I've been on my team for a long time. It's starting to feel like an epilogue, past even the earlier feeling of being Spongebob after he re-inherited the Krusty Krab after inventing Krabby Patties (and taking stewardship of the place despite not having any of the original hustle and bustle). But it's not based in reality, it's a trick of the mind - the team does not exist on some linear timeline and neither do I. Who knows in a few months how things turn out. I know at some point I will leave though, and I wonder if after some perceived stability of marriage occurs, that will be the time.

I can only be honest. I don't have it in me to play games, or pretend as hard. It is hard for me. I'm stubborn and loyal, and stupidly so at times. People admire what they see as transparency, but it also can be debilitating or too quick of a draw being off the cuff and winging it at every step. I don't hide my expressions much these days. My coworkers joke that I only do macro-expressions. I like it when people find me entertaining or funny, and I think I've gotten better and not taking it to a people-pleasing level of it.

I don't understand "I've been working on myself", I feel like perhaps there is some consciousness or intention to it, but aren't people always implicitly trying to improve or optimize in some regard? Is it specific to just introspection or some self-defined ideal personality or attitude?

It's actually cool, that people have "moved on" from tumblr, blogs, it almost feels like, it went back to being a quiet and peaceful corner, even though that may not be practically true. For some malicious user could take advantage of much more powerful tools these days to uncover people's personal writing.

I wonder what the science says on journaling versus sharing with someone. I sense some overlapping feeling, but it's not the same no?

I've chilled out a lot internally. I wonder if this manifests or can be detected externally, as in do I seem less anxious these days? 

I miss home, I've been away for so long the nostalgia has festered into something addictive.

Half of a Yellow Sun

Meant to post this a few months ago but I guess I didn't hit publish.
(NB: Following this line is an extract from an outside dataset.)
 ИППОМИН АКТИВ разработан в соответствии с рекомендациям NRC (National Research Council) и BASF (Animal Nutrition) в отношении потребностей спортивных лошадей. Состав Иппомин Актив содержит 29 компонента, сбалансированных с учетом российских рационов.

I just finished reading a very good book by an author I've heard much about but hadn't read anything by. I should warn you that it's bleak (but not in a cold way) and is ultimately a war story (which btw, I didn't know, so it became more engaging in a way). I would liken the feeling to watching Graveyard of the fireflies. 

I'm ultimately shocked by how engaging it was, but I'm not sure how much is in the writing and just my current mood of disengagement with reality, but I wanted to write about the latter today (also should mention I had a bit of urgency to get through the book to not waste my library loan for another that's expiring). Though the book is set in a much different time, it feels weirdly understandable or relatable. The character writing is obviously very good, but again it might be me, reaching a little, in a selfish and privileged way. But this isn't the oppression olympics, it just is maybe. I wonder if maybe it's my own self-judgement, that makes me feel like "first-world problems" are unreal and that only "objectively bad" situations like war and famine are justified. I read once that people on the spectrum enjoy anime precisely because of this exaggeration of real emotions that allows them to feel it. I wonder if it is the same phenomena. 
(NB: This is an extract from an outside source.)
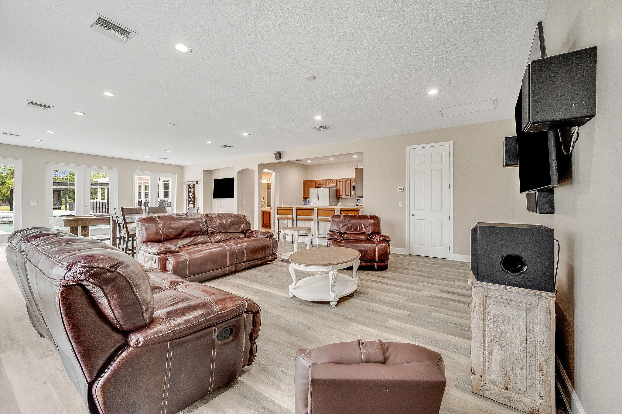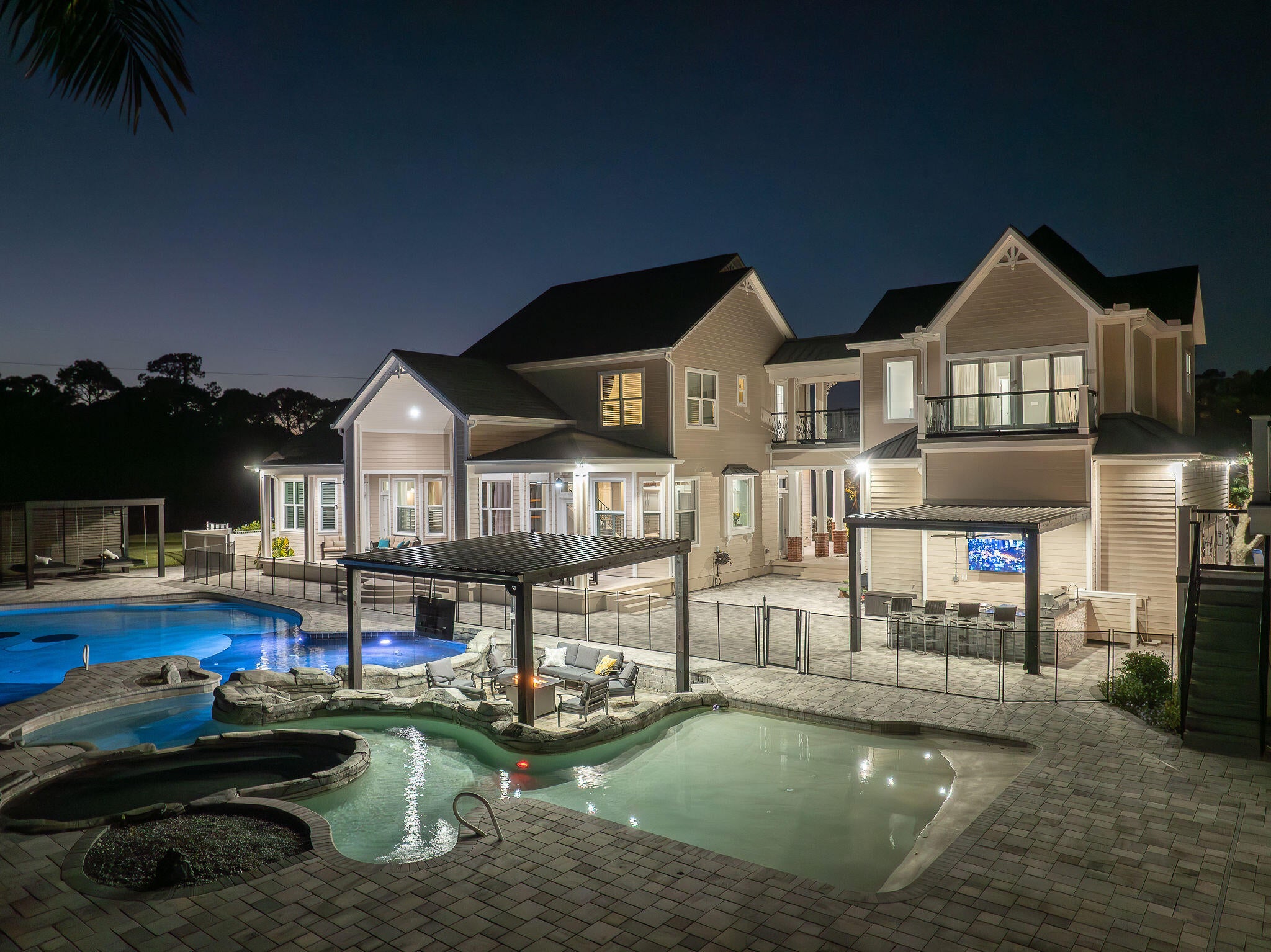 Welcome to one of the most iconic estates in the region the famed ''Mickey Mouse House'' a fully renovated 18-acre luxury retreat offering over 7,500 sq ft of resort-style living. Perched above a true destination-level pool and a serene 5-acre private lake, this property delivers an unmatched lifestyle of beauty, privacy, and pure fun. From the moment you enter, the home feels like a five-star getaway. The main house features 4 spacious bedrooms, a dedicated office, an elegant library, and a professional-grade movie theater. The heart of the home is the expansive, light-filled kitchen with open sightlines to the living areas, soaring ceilings, and custom live-edge wood accents that create a warm, organic sophistication. A covered bridge leads to a full in-law suite, kitchen, bath.

These days, my malaise feels chosen. It feels petulant, like I'm waiting for somebody to "give me my just rewards" before I relent and feel happiness. It also feels like the real lesson is for me to wait for it, and for that patience to dissolve and in anger realize this is entirely self-inflicted, for believing in some sort of justice or due for doing things nobody asks for. I liked that one of the managers, a wise, mild-mannered, and affable person usually, pushed back quite strongly on me saying I was people pleasing in a half-joking way. I appreciated that he wanted me to take it seriously, and not feed the ironic vanity that came from declaring my people-pleasing attitude in a half-joking way - an act of self-pity.